Ill have a veg and flower setup soon.. looking to veg for 45 and flower for 45.. 
I know it might not be exactly 45, but you get the point..
I have heard the following are good 45 day strains, please post more, and opinions..  
Looking for max potency and max yield, emplasis on the yield, but has to be pretty dank!

Double Gum
Super Skunk


I have two seeds I got for free that are supposed to be 45-50 day strains, dinafem cali hash plant and dinafem blue hash, both are femenized.


----------



## blancolighter (Jun 7, 2009)

Mango, Mikado, Top 44


----------



## ozman (Jun 7, 2009)

Hey Relentless,IM thinking of getting one of them 2 strains.You going to do a grow journal on them ?I have some super skunks in veg @ the moment,I too was looking for a 45-50 day strain,I chose super skunnk because of alleged yield,according to sensi anyways lol.
But the cali hash looks good to me,Im leaning to the cali hash plant.
Anyways good luck on your choice.


----------



## nvthis (Jun 7, 2009)

Sooo... Whatcha gonna do with all yer strong, high yeilding 45 day old buds?

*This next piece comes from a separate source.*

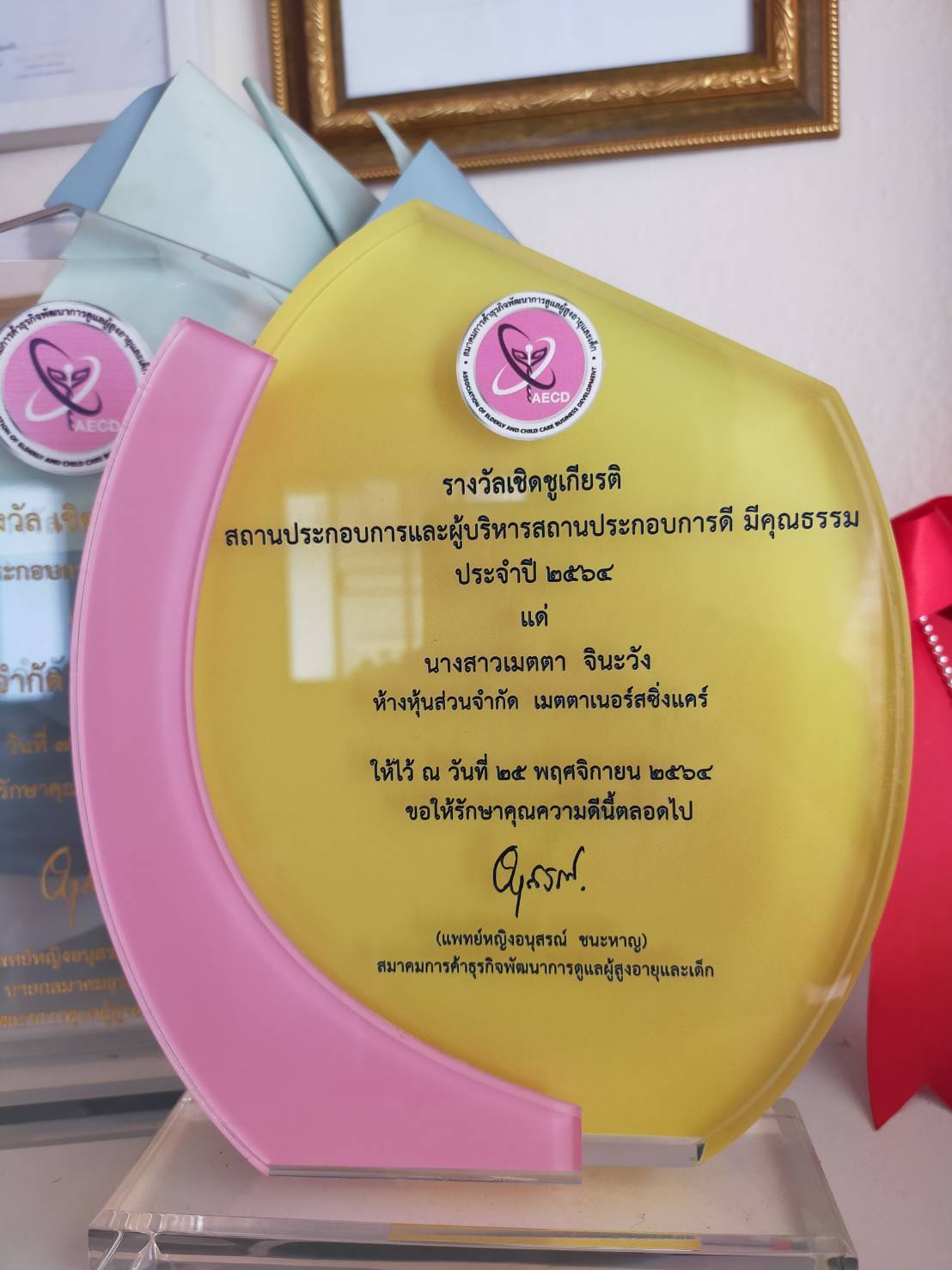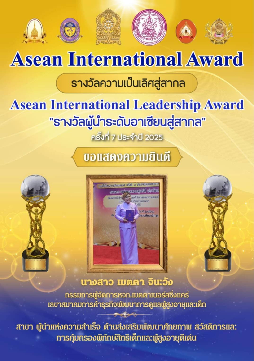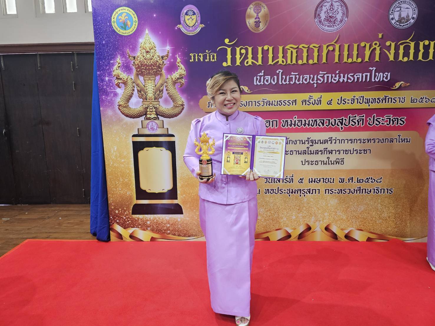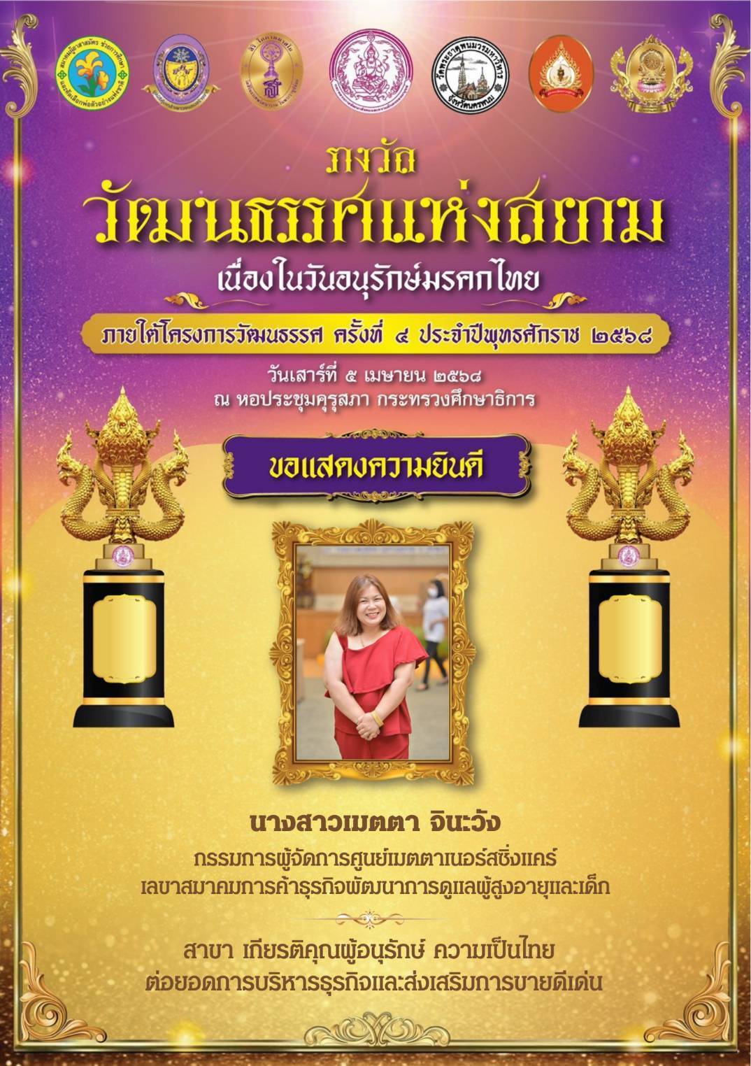 คุณเมตตา จินะวัง ผู้บริหารศูนย์เมตตาเนอร์สซิ่งแคร์ ได้ขึ้นรับรางวัลโล่เกรียติยศในงานวัฒนธรรศแห่งสยาม เนื่องในวันอนุรักษ์มรดกไทย สาขาเกรียติคุณผู้อนุรักษ์ความเป็นไทย ต่อยอดการบริหารธุรกิจและส่งเสริมยอดการขาย เมื่อวันที่5เมษายน2568 ณ.ที่หอประชุมคุรุสภา กระทรวงศึกษาธิการ

Anyway, I have seen quite a few out there in the seed banks and open auctions. Best if ya just go look for yourself.

I only have one at the moment. My green crack mom. 45 days is too short, IMO.


----------



## Relentless999 (Jun 7, 2009)

im trying to order white label's double gum and super skunk but attitudes website is weird..


----------